Ben Badler (subs. req’d) says the Yankees signed two other Cubans as well. One was outfielder Adonis Garcia ($400k), who spent time with Double-A Trenton last year. You can read more about him right here. The other was 27-year-old outfielder Yeral Sanchez, whose $400k bonus did not count towards the spending pool because of his age. Badler says he “has a chiseled 6-foot-1 frame with an aggressive approach and solid power … is around an average runner with an arm that’s average to a tick above-average that should play in right field.”
Prior to July 2nd, the Yankees also signed 23-year-old Dominican right-hander Manolo Reyes ($600k) and 17-year-old Dominican shortstop Jorge Mateo ($250k) according to Badler. Reyes had previously signed with the Braves, but his contract was terminated and he was suspended for a year because of issues with his paperwork. He has a huge arm though, running his fastball into the mid-90s and touching 99. His breaking ball and splitter are inconsistent but have shown potential. Reyes is awaiting a visa before his contract can become official, so he hasn’t been able to pitch in official games and is very raw for his age.

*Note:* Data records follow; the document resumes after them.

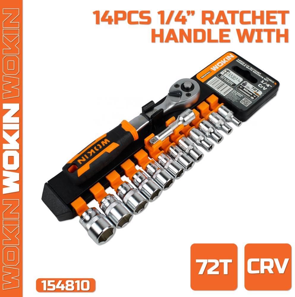Drive Ratchet Handle with Sockets Set (Industrial) 14Pcs 1/4″
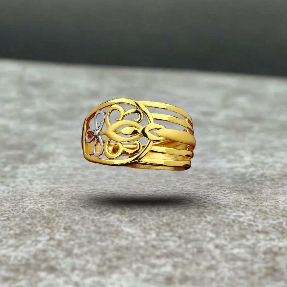 Elegant 22K Gold Designer Ring for Women Intricate Filigree Pattern & Lightweight Design Perfect Daily Wear & Special Occasion
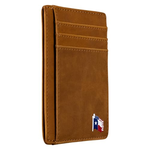 Slim Front Pocket Wallet PU Leather Khaki Card Holder RFID Blocking with Texas Souvenir Logo Gift for Texans and their lovers, Khaki, Texas und USA Flagge auf Kartenhalter
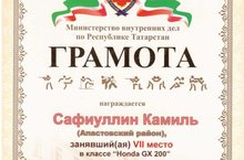 Воспитанник кружка "Картинг" (рук. Сафиуллин А.З.) Сафиуллин Камиль занял 7 место (всего участвовало 185 детей) в классе "Honda GX 200" на соревнованиях по картингу среди детей сотрудников МВД по РТ, посвященных профессиональному празднику сотрудников МВД РФ.
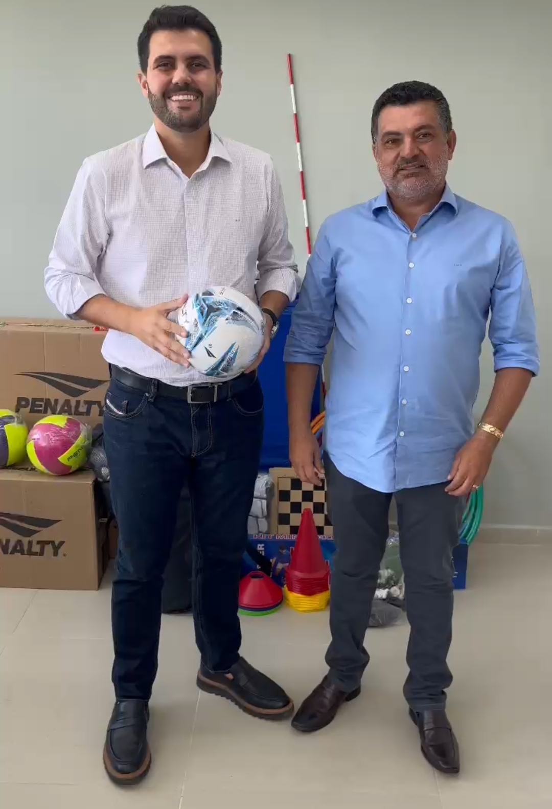 Prefeito de São João do Rio do Peixe e secretário de Educação anunciam entrega de kits esportivos
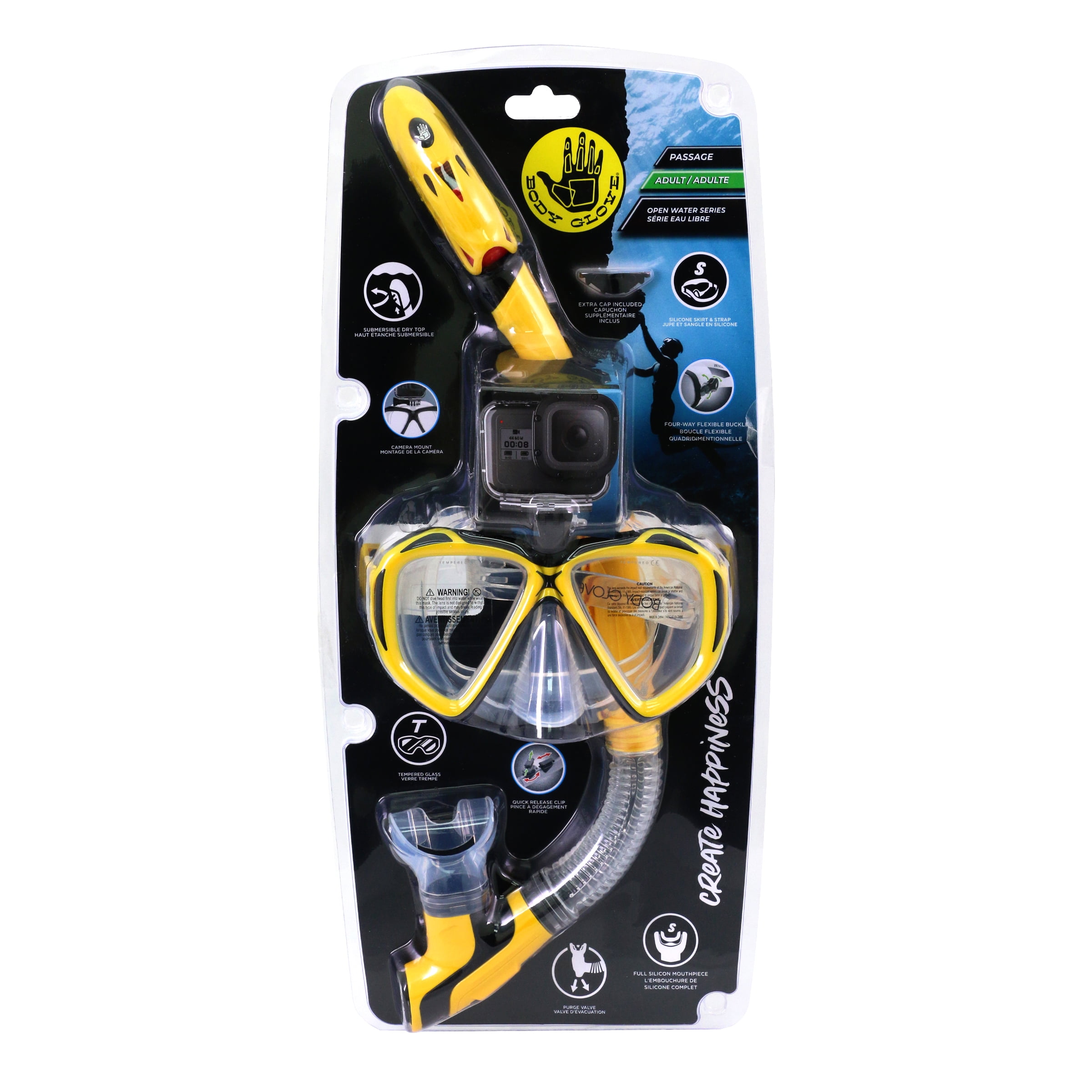 Body Glove Passage Adult Swimming Diving Mask and Snorkel Combo, GoPro Mount on Mask, Yellow

Mateo is listed at 6-foot-0 and 185 lbs. He earns high grades for his speed and athleticism, which give him a chance to be an above-average defender at shortstop according to Badler. Mateo is a right-hander hitter with something resembling a plan at the plate, but he’s still learning how to handle breaking balls. Badler says his “athleticism would make him an exciting prospect if his bat develops” while noting that some actually preferred him over Baez.
Dominican lefty Carlos Diaz, 17, signed for $100k last March, then got hit with a 50-game suspension after testing positive for a banned substance. He is listed at 6-foot-2 and 170 lbs., and Badler says he has “an unconventional low three-quarters arm angle (that) gives him good armside life on his fastball, which parks in the high-80s and reaches 90-91.” His slider and overall control need work.
The Yankees used two of their other exemptions to sign 19-year-old Dominican right-hander Simon DeLaRosa ($50k) and 16-year-old Venezuelan shortstop Thairo Estrada ($49k). DeLaRosa pitches in the low-to-mid-90s with a promising curveball while Estrada has a line drive swing and fast-twitch athleticism. Badler calls both guys potential sleepers.
Starting this year the pool values will be scaled so that teams with bad records can spend more while teams with good records get to spend less. The Yankees finished with the third best record in baseball last season and are expected to have just $1.5-1.7M to spend internationally this year, which is nothing. Those six $50k exemptions are going to be important, they’re going to have to dig up some hidden gems with them.